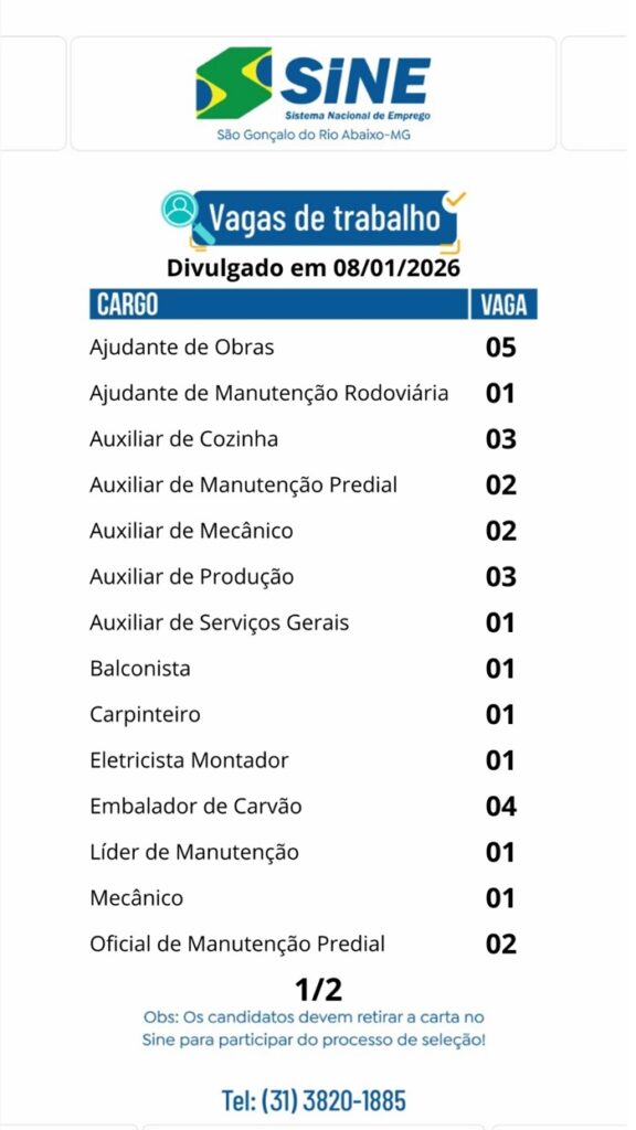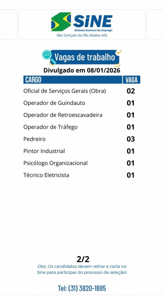 Vagas de empregos no SINE de São Gonçalo do Rio Abaixo para hoje 08 de janeiro de 2026
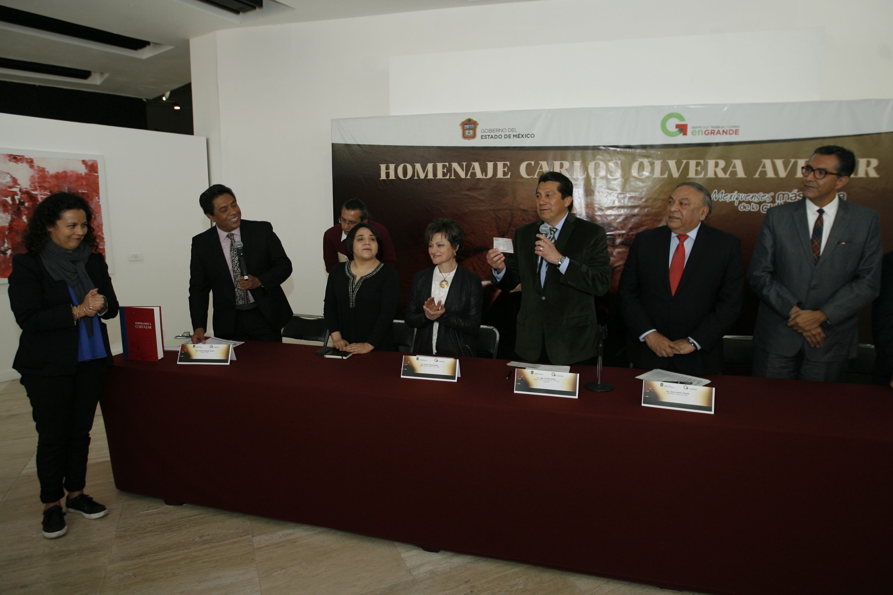 En este homenaje se dieron cita amigos y familiares del también escritor para recordarlo con gran cariño, entre los que destacan su viuda Patricia Mawaad, Porfirio Hernández, Celeste Ramírez y Roberto Fernández Iglesias, así como Felipe González, director general de Patrimonio y Servicios Culturales, e Ismael Ordóñez, secretario técnico del Consejo Editorial de la Administración Pública Estatal, que hablaron sobre la vida y obra de Carlos Olvera.
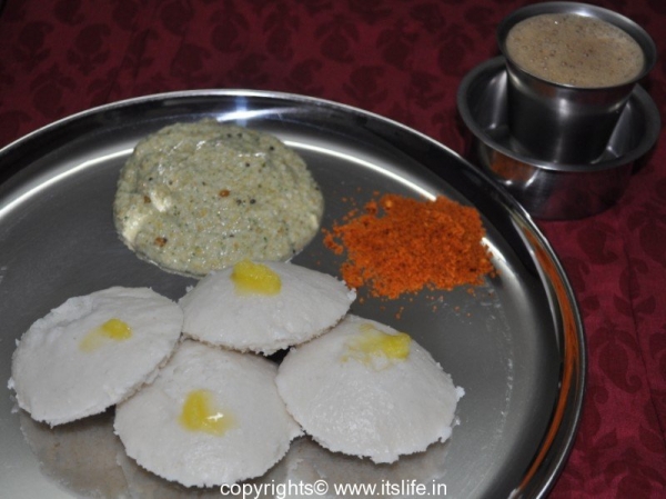 Remove from molds. Serve hot with Coconut Chutney and Sambar.
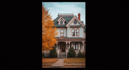 Vintage postcard with the image of a beautiful house in autumn
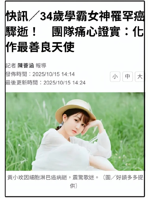在娱乐圈这个永远不缺话题的舞台上,10月15日的一则讣告如同一颗重磅炸弹,瞬间炸开了舆论的波澜——年仅34岁的歌手黄小玫因罕见病“NK/T细胞淋巴癌”永远地离开了这个世界。这个消息,就像一场突如其来的暴风雨
+-------+
WHAT YOU HAVE TO DO: An exact transcription is needed, covering the line with "Vintage postcard with" and every line after it to the end of the entries, but not the pictures.

EXERCISE RESPONSE:
 Vintage postcard with the image of a beautiful house in autumn
在娱乐圈这个永远不缺话题的舞台上,10月15日的一则讣告如同一颗重磅炸弹,瞬间炸开了舆论的波澜——年仅34岁的歌手黄小玫因罕见病“NK/T细胞淋巴癌”永远地离开了这个世界。这个消息,就像一场突如其来的暴风雨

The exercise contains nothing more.